第 19 章
椿歲:「……」
當著幼兒園小朋友的面被質疑,她不要面子的?
喬佑以為江馴問的是他,心虛道:「一點點了,只有一點點了!爸爸你快放我下來,我要去寫作業了!」
重新著陸,喬佑蹦著小短腿噠噠噠跑出去,邊跑邊嚷:「哥哥!我的素描紙呢?快給我畫畫!」
椿歲見小朋友恢復了活力,鼓著腮幫子吁了口氣,抄兜哼了兩聲不著調的歌,重新坐回座位上,做起江馴給她劃的重點題。
江馴坐回她對面,靠進沙發椅背里,默不作聲。
「……」椿歲總覺得,自己的發旋兒能看見他正看著自己。還是不懷好意陰陽怪氣的那種。於是抬眼看他。
果然,江馴似笑非笑地開了口:「連小孩兒都騙。」
話音拖得她活像個真騙子被當場抓獲。
「我騙哪個小孩兒啦?」椿歲歪著腦袋,抬睫回視他,還不忘挑釁似的抬了抬眉眼,仿佛在說:騙你了?
「……」江馴無語,「那幾顆都是草莓的?」
「那可不,」椿歲很認真地點頭,「我一顆顆聞出來的啊。」
「……」江馴徹底服了。並且不知道該擺出什麼合適的表情。
椿歲抿了幾下唇角,終於忍不住樂出聲,支著桌面顫聲說:「反正不愛吃的味道,可以給你啊。

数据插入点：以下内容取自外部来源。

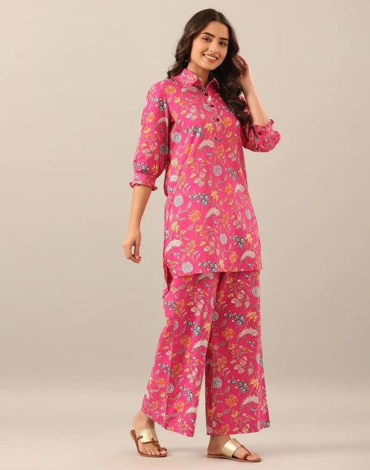 Regular price Rs. 899.00Regular priceUnit price / perRs. 0.00Sale price Rs. 899.00Pink Rayon Floral Printed Co-ords Set

」
江馴微挑的眼梢都耷拉了下來,面無表情看著她,最終,跟被人綁架了似的扯了扯嘴角:「哦。」
「哦對了,」椿歲樂完,用水筆的撳鈕戳了戳下巴,「佑佑不是也愛吃草莓蛋糕,你肯定買了兩塊吧?還有一塊給他吃吧。小朋友今天在幼兒園受委屈了,正不開心呢。你這個做爸爸的也太不上心了。」
江馴斂睫看著她:「沒了。」
「啊?」椿歲愣住,「你不會就買了一塊吧?你這也太不會過日子了。」
江馴抵著桌沿的指節,因為她最後那半句話,在桌面上輕劃了一下。說不上是什麼奇奇怪怪的感覺,神情寡淡卻理直氣壯地問她:「我就不能吃了?」
「……」椿歲眨眨眼,把下巴從水筆撳鈕上挪開。
怎麼莫名覺得,這位少年今天,跟幼兒園裡午睡醒了,和別人搶餅乾的小朋友也沒什麼區別?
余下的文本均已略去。